NEWBURGH, New York  — In the 1920s, Tokyo high school student Hideichi Oshiro was moved by a haiku poem he never forgot. In it, Edo era poet Matsuo Basho (1644-1694) described coming across the subtle beauty of a wildflower during a walk in the mountains.

“I wanted to make this kind of haiku in my life,” Oshiro told Kyodo News in a recent interview in his Newburgh, New York home, 100 kilometers (62.13 miles) north of Manhattan on the Hudson River. “Nothing else, just one haiku.”

Known as “Hide” by friends and family, the 100-year-old artist has completed much more than just one haiku. He writes a new one every morning and has done so for decades.

Along with the volumes of poetry Oshiro has produced, he donated his life’s work, totaling about 750 pieces of art, in November to Goddard College in Plainfield, Vermont. The art includes calligraphy, paintings, stories, handmade books, sketches and scrolls.

The small progressive liberal arts school has received donations before, but Oshiro’s stood out because of what he said when presenting the work at the rural New England campus on Nov. 3. “He said that the product is only important in how it uncovers for the viewer the process,” President Barbara Vacarr told Kyodo News in her office at Goddard. “Most artists who donate their work would be focusing on the framed paintings, the product of their work, and what was so central to what he talked about was the process or development.”

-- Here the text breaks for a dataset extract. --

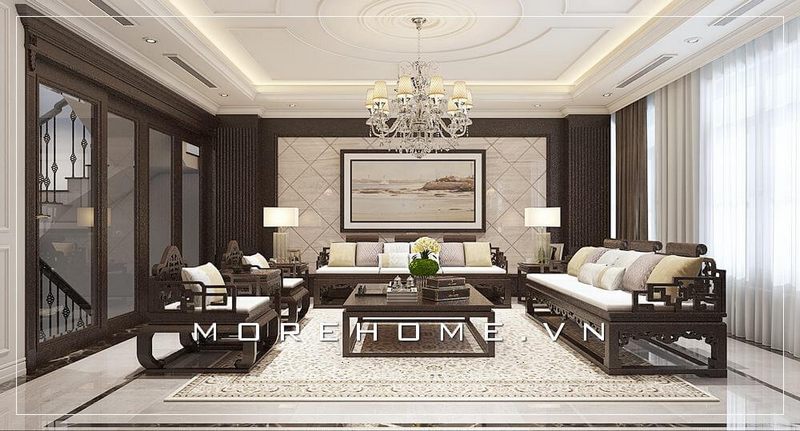 Thiết kế phòng tiếp khách sang trọng cho nhà phố, biệt thự cao cấp phong cách gỗ việt tân cổ điển thể hiện đẳng cấp cho gia chủ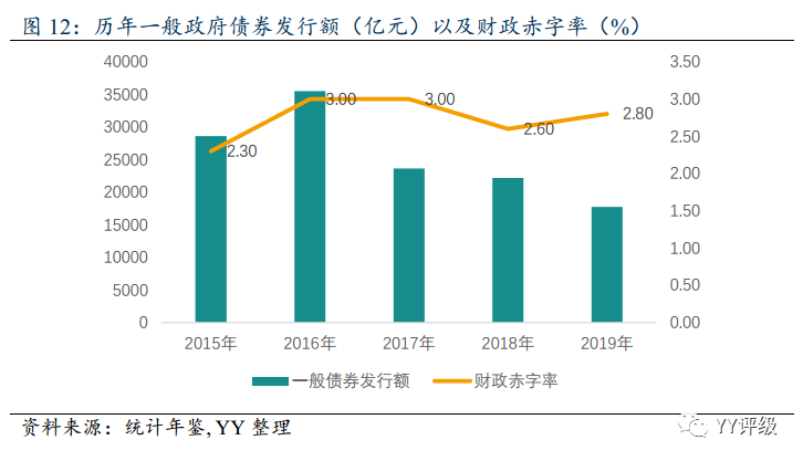 一般政府債券資金也是一般公共預(yù)算的資金來源,不過一般公共預(yù)算是有赤字率考核限制的。今年的赤字率預(yù)計不會打破3%的紅線,因?yàn)閿?shù)十年來我國政府一直保持了較為嚴(yán)格的財政紀(jì)律約束,這一指標(biāo)具備很強(qiáng)的警戒意義,一旦突破將大大損傷國內(nèi)外社會對中國經(jīng)濟(jì)的信心。

The Brooklyn native was moved by Oshiro’s words and their relevance to the mission of her college, which emphasizes “life-long learning.” She felt it was an honor to “receive not only his gift of his work but also his gift of vocalizing…what is at the heart of the learning process here.”

Oshiro learned of the school from Carol Curri, a 1997 Goddard graduate, who began working with him 10 years ago after the two artists met at a Newburgh gallery opening.

“I had been looking for a place to house his work because that was his wife’s dream and his dream,” Curri told Kyodo News during an interview in Oshiro’s home.

In addition to finding an institution to keep and preserve Oshiro’s physical legacy, Curri has been gathering information on Oshiro’s life story with the hope of writing a book using the thoughts “twisting and turning” in her head.

Born in 1910 in the then territory of Hawai‘i to Japanese parents who had come to work in the pineapple plantations, Oshiro first went to Japan at the age of 3 when he was sent to live with his grandparents to have a Japanese education. Oshiro learned the art of etching, Japanese ukiyoe woodcuts, gold carving, sculpture and brushwork at Aoyama Gakuin Senior High School and Sophia University.

He was introduced to the famous painter Gyokudo Kawai (1873-1957), who taught Oshiro how to use a brush, which motivated the young artist to study hard.
Oshiro returned to his birthplace in the 1930s where he taught Japanese at a local school on O‘ahu Island.

He remembers the Sunday morning, Dec. 7, 1941, when a group of panicked students came running to him saying, “Japan attacked Hawai‘i! They attacked us!”

At first, he did not believe it and told the children, “No, it’s only war games,” but soon realized that the bombs and fires erupting on the school fields were real.

“Japan attacked Hawai‘i and I’m an American citizen…I couldn’t think about anything, only darkness and doom,” he solemnly said while shaking his head, adding that the 2001 film “Pearl Harbor,” with all of its Hollywood “imagination,” did not come close to the horror of the actual event.

After spending three months in an internment camp, Oshiro chose to join the army and was assigned to basic training in Minnesota where he took classes at night at the Walker Art Center in Minneapolis.

Oshiro spent six years in the army before leaving to pursue art at the Academie de la Grande Chaumeirie in Paris, eventually settling in New York City, inspired by the vitality of the bustling metropolis.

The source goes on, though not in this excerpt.